Treaty Negotiations Minister Andrew Little will be meeting with representatives of Ngāpuhi and its hapū to find an alternative to Tuhoronuku while he is at Waitangi this year, he says.
The country's biggest iwi, Ngāpuhi rejected a revised mandate for settlement talks when more than 70 of its hundred-plus hapū gave it the thumbs down in December.
The National government accepted the mandate known as Tuhoronuku, inititated by rūnanga leader Sonny Tau nearly ten years ago.
But Mr Little said the latest vote had made it clear hapū did not want to settle under that banner, or the most recent so-called evolved version.
"The Crown's view is, my view is, that the nature of Ngāpuhi is that you can't reach agreement with any one hapū until you reach agreement with all hapū.
"So we need Ngāpuhi to move together. What that looks like, how that's structured is the debate that we have to have and I'm keen to continue that discussion."
Mr Little said he did not consider the recent vote a failure but another step towards making progress.
"I'm not relenting in terms of the pressure that I'm putting on myself, on behalf of the Crown, but also on Ngāpuhi."
He said last year's efforts to fix the mandate had cost $1.2m, but the process had at least made it clear what Ngāpuhi did not want.
"It [the Tuhoronuku mandate] certainly isn't supported, that's pretty clear, so we've got to find the alternative.
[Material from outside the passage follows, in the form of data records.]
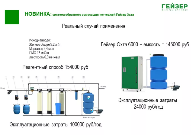 ГАРАНТИЯ КАЧЕСТВА - В отличии от реагентного метода очистки воды (засыпные колонны) мембраны обратного осмоса системы Гейзер Охта 6000 обеспечивают стабильную глубокую очистку воды от широкого спектра загрязнений, котораяне зависит от сезонного изменения состава исходной воды.
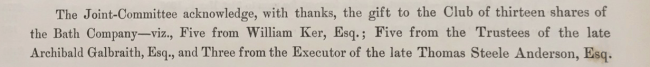 For, in the Arlington Baths Club annual report of May 1906, the Club acknowledged the receipt of three shares from the estate of Thomas Steele Anderson, Esq.
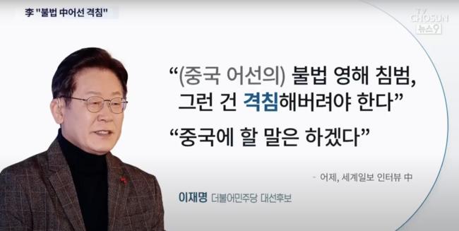 2022년 대선후보 당시 '격침' 발언을 했던 이재명 대통령 (TV조선뉴스 갈무리)
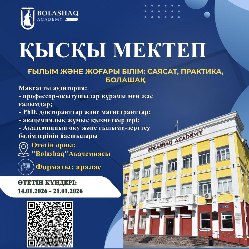 «Bolashaq» академиясы 2026 жылғы 14–21 қаңтар аралығында Академияның 30 жылдық мерейтойына орай «Ғылым және жоғары білім: саясат, практика, перспективалар» тақырыбындағы Қысқы мектеп – 2026 ұйымдастырылатыны туралы хабарлайды.
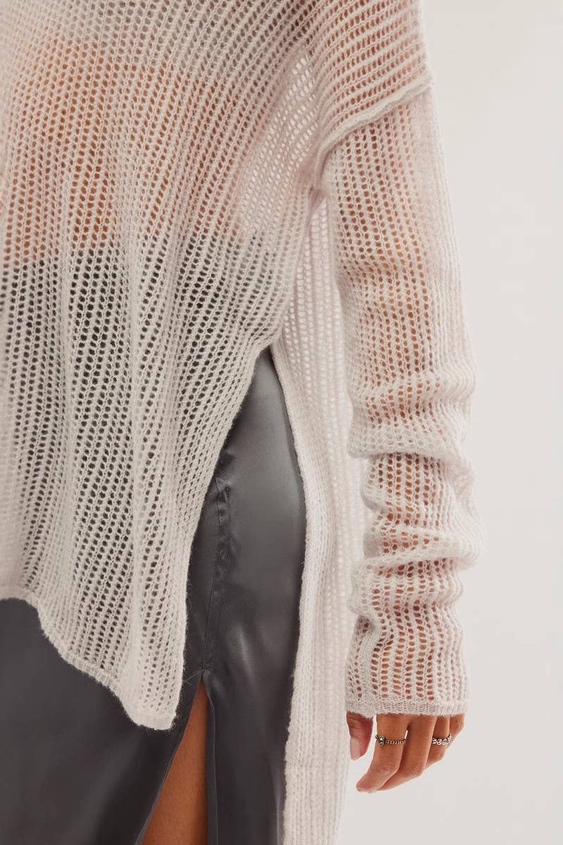 SOLID LONG SLEEVE KNIT BIKINI BEACH COVER UP

I've got a number of engagements lined up with representatives of Ngāpuhi and hapū to talk about that.
"I'm confident that more talk and more dialogue is the only way we're going to find where that magic solution lies."
He ruled out dealing with any of the hapū who did support Tuhoronuku until the iwi had an overall plan for negotiations.
"There have been a lot of people come to me during the course of last year and since the vote result, saying clearly Tuhoronuku as an entity doesn't have the confidence of Ngāpuhi to negotiate on their behalf, to negotiate with the Crown.
"We have to find a way that we can negotiate with Ngāpuhi."
However, he was not planning to formally withdraw the crown's acceptance of the Tuhoronuku mandate at this point, Mr Little said.
"To me that's an irrelevance and a distraction; clearly Tuhoronuku as an entity doesn't have the confidence of Ngāpuhi to negotiate on their behalf with the Crown. And although 31 hapū supported it, that is not enough in my view, for the Crown to enter negotiations," he said.